(Collection entries)
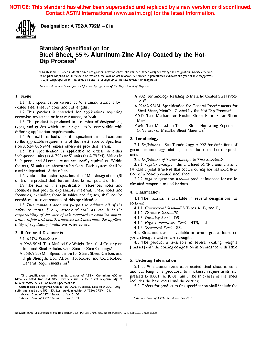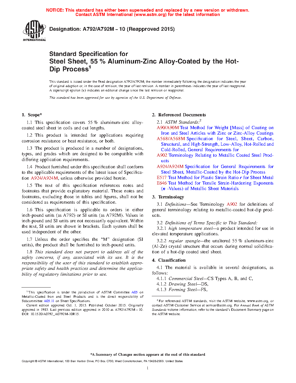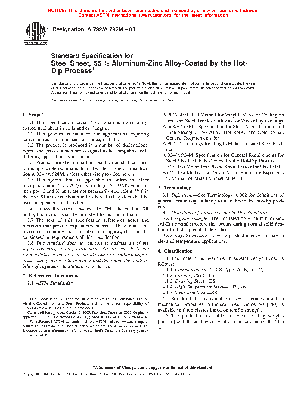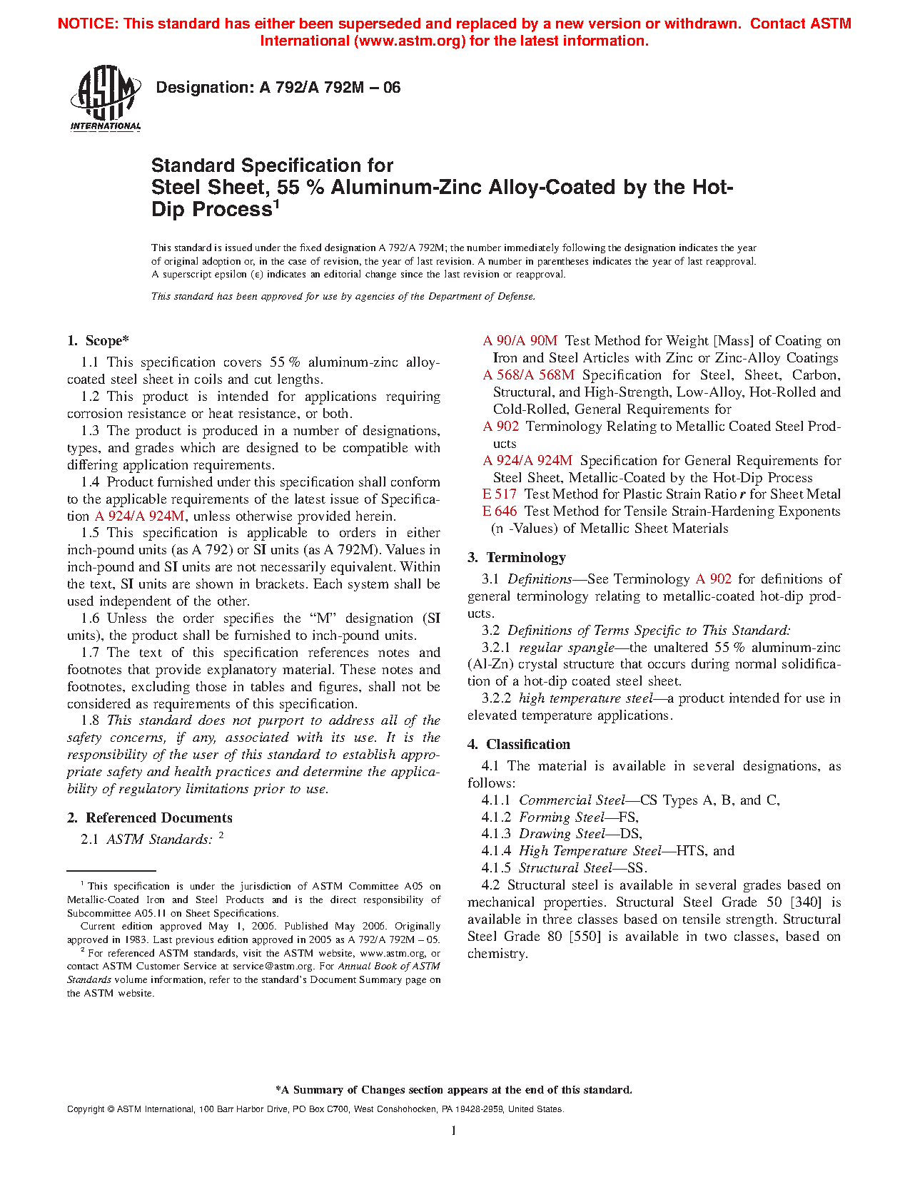1.1 This specification covers 55 % aluminum-zinc alloy-coated steel sheet in coils and cut lengths.
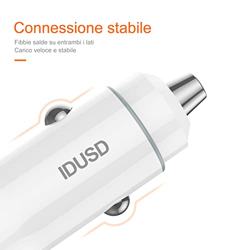IDUSD Caricabatteria da auto 12W, Accendisigari USB a doppia porta con LED, Caricabatteria da Auto 5A-2.4V per Phone 13/12/11/10/X/8, Sansung S21/S20/S10/S9/S8/S7, LG, HTC, Sony, Huawei, Xiaomi
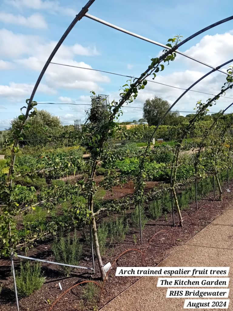 I also plan on installing an archway to create an entrance to the patio area in The Fruit Garden. I will grow the apple trees as espaliers up over the archway, which will look really nice, keep their size well contained and also increase their production. The photo below is the inspiration from the archways seen at RHS Bridgewater. I will obviously be doing this at home on a much smaller scale:
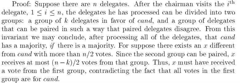 假设共有n个代表(一人一票,选票总数为n)。当onwaier看到第i个代表的选票时,前面他已经看到的所有选票可以分为两组,第一组是k个代表赞同cand;另一组是选票可以全部成对(选票不同)抵销。当处理完所有的选票时,如果存在大多数,则cand当选。
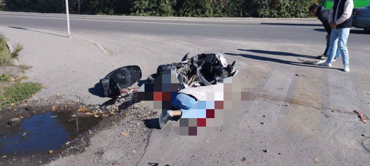 Инцидент произошел в микрорайоне Карасу по улице Бурундайская. Об этом сообщил читатель Tengrinews.kz, прислав фото с места происшествия на редакционный WhatsApp-номер +7 777 001 44 99. Судя по снимку, весь удар пришелся на голову мопедиста.
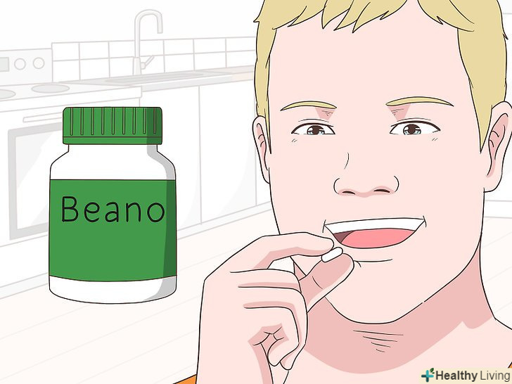 Рекомендується приймати фермент альфа-галактозидаза.Так як дуже часто причиною підвищеного газоутворення стають продукти, що містять складні сполуки цукру (нерозчинні волокна і олігосахариди), які організм не може переварити, рекомендується приймати безрецептурні препарати з альфа-галактозидазой (Beano, Suntaqzyme, Bean-zyme). Цей фермент розщеплює складні цукру, перш ніж вони досягають кишечника, де починається процес бродіння, допомагаючи уникнути підвищеного газоутворення і болю в животі. [11] приймайте альфа-галактозидазу перед тим як почати їсти продукти, що містять велику кількість клітковини (більшість овочів, фрукти і бобові).- Фермент є похідною харчової цвілі Aspergillus niger, тому може викликати алергічну реакцію у людей з підвищеною чутливістю до цвілі і пеніциліну.

> _YOUR GOAL_: Return exactly the lines above, from the one with "IDUSD Caricabatteria da" up to and including the one with "I also plan", and include no pictures.

> _SOLUTION TO THIS TASK_:
IDUSD Caricabatteria da auto 12W, Accendisigari USB a doppia porta con LED, Caricabatteria da Auto 5A-2.4V per Phone 13/12/11/10/X/8, Sansung S21/S20/S10/S9/S8/S7, LG, HTC, Sony, Huawei, Xiaomi
 I also plan on installing an archway to create an entrance to the patio area in The Fruit Garden. I will grow the apple trees as espaliers up over the archway, which will look really nice, keep their size well contained and also increase their production. The photo below is the inspiration from the archways seen at RHS Bridgewater. I will obviously be doing this at home on a much smaller scale:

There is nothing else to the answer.